Day-Lewis is also notoriously selective in the films he chooses to participate in — he told the BBC he only accepts roles he feels he can truly service, intriguing characters with lives that “feel very far removed from my own.”

“The mystery of that life is the thing that draws me towards it,” he said.

But he is also an “acting enigma,” as the Guardian wrote, and is known for stepping away from the film industry for lengthy periods of time. In the late 1990s, he reportedly apprenticed as a shoemaker in Florence.

Day-Lewis grew up in Greenwich in southeast London, holds both British and Irish passports, and has long had a home in Wicklow, Ireland. (He was knighted by the Duke of Cambridge in 2014.) He is married to writer-director Rebecca Miller, daughter of American playwright Arthur Miller, and has three children.

His stage career ended decades ago “when during his performance of Hamlet he walked off the stage claiming to have seen an apparition of his father, the late poet laureate of England Cecil Day-Lewis,” Burhan Wazir wrote in the Guardian.

His film releasing in December will be his first movie appearance in five years.

“I have a slow rhythm,” he told the BBC, acknowledging that he does seem to “disappear” from time to time.

But, he contends that these breaks, these escapes from the public eye, are what allow him to dive in so deeply to his work.

“What I’m doing is reengaging with life,” he said.

In his acceptance speech for his 2013 Academy Award win, Day-Lewis thanked his wife for having lived with “some very strange men” he had personified over the years.

“They were strange as individuals and probably even stranger if taken as a group,” said the actor who, despite always playing serious roles, exudes an upbeat, down-to-earth temperament in interviews — as long as he is not in character.

Speaking to reporters after his win, Day-Lewis joked that he was “definitely out of character at this moment,” the Telegraph reported.

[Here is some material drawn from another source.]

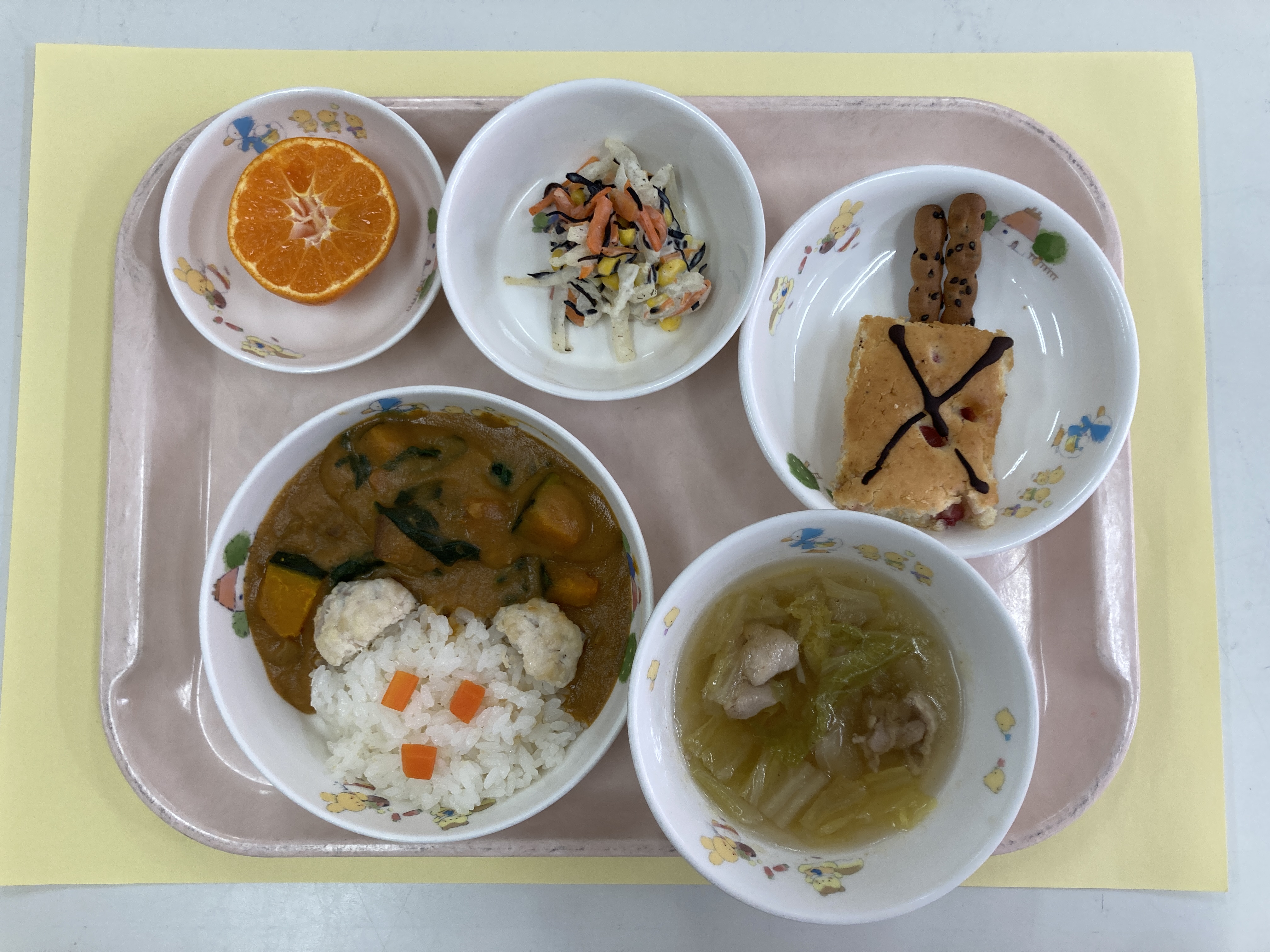 お部屋にワゴンが届くと、「くまさんだ」「みかんもあるよ」と嬉しそうな表情を浮かべていました。

“If I slip back into it by mistake, you can do an intervention of some kind, the Heimlich maneuver or whatever it is you do for actors stuck in character.”

So perhaps that is what’s in store for Day-Lewis, a seemingly permanent escape from a limelight he never truly felt comfortable in. Some of his fans joked there might be other motives involved.

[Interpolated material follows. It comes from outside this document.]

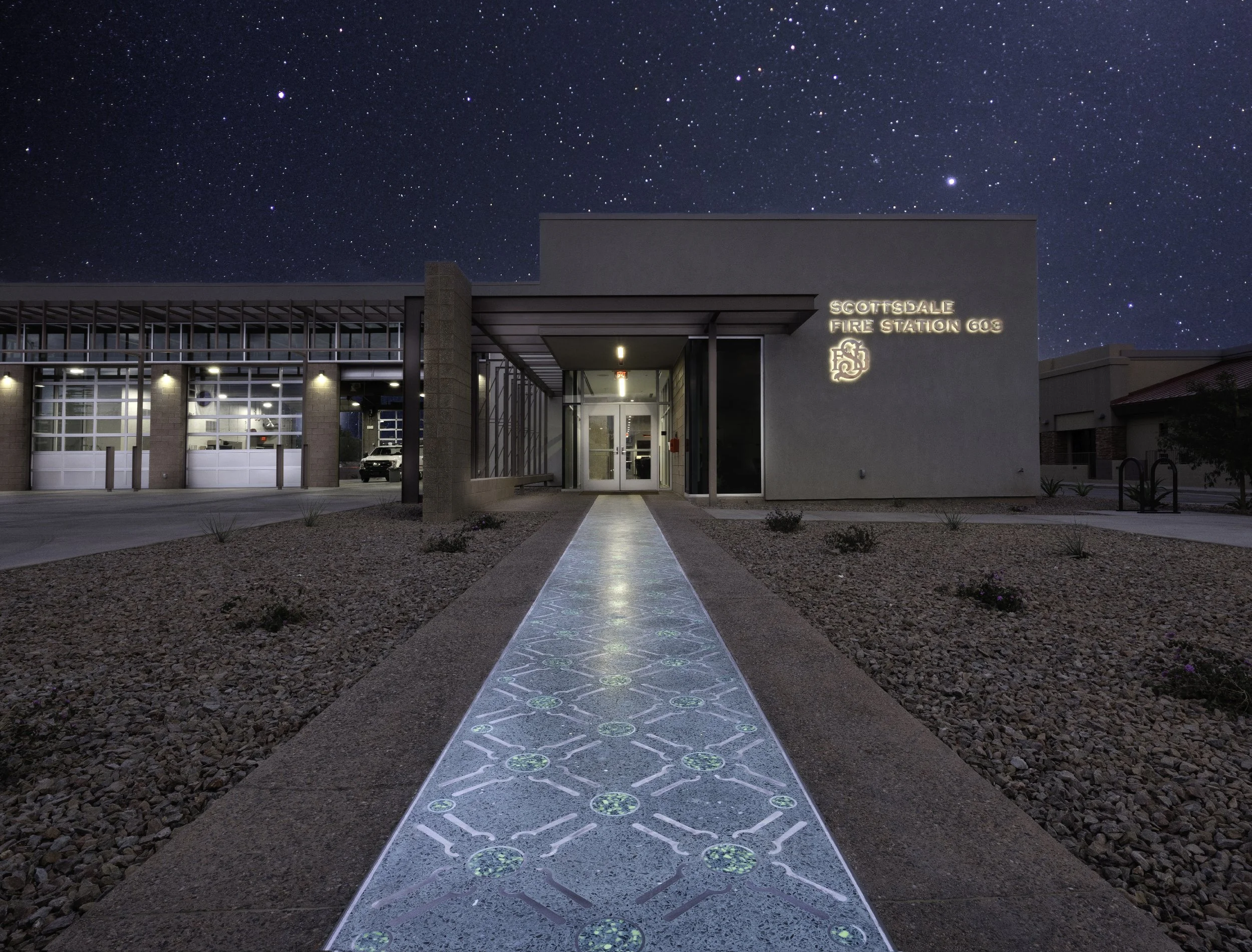 Terrazzo walkway for Scottsdale Fire Station 603 Public Art Project (2018-2020) symbolically placed to connect the outdoor entrance to the interior corridor. The repeating diamond pattern of the interior portion of the walkway, 16 x 3 feet (4.87 x 0.91 m), is embedded with actual spanners and rings sliced from decommissioned firefighting couplings. The exterior portion, 58 x 3 feet (17.67 x 0.91 m), is embedded with the shapes of the same motif cut from aluminum. Solar-charged luminescent chips are embedded into the coupling rings to add illumination. Completed December 2020.

“What if Daniel Day-Lewis announced that he is retiring from acting as research for a role where he plays an actor who retires from acting,” one person wrote.

“Nobody is happier about Daniel Day-Lewis’s retirement than his wife. You try living with a guy who’s pretending to be Romanian for 8 months,” said another.

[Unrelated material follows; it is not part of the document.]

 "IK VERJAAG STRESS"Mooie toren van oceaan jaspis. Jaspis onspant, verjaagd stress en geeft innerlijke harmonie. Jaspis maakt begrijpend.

His hiatus is not entirely surprising. When it came to public appearances there was an innate comfort for Day-Lewis to express himself through a character, through “these other vessels in a way that we can’t in ourselves,” he told the BBC.

And although he found great joy in his work, Day-Lewis never quite enjoyed the film industry anyway.

“I know this is part of what we have to do. But I really have to be forced,” he told the Guardian in 2002.

And when the movie is over, he said, “I have done my part.”

“And once I’m finished, I always feel a little empty inside.”

And this week, for his fans, that same feeling — of emptiness, of loss — rang true.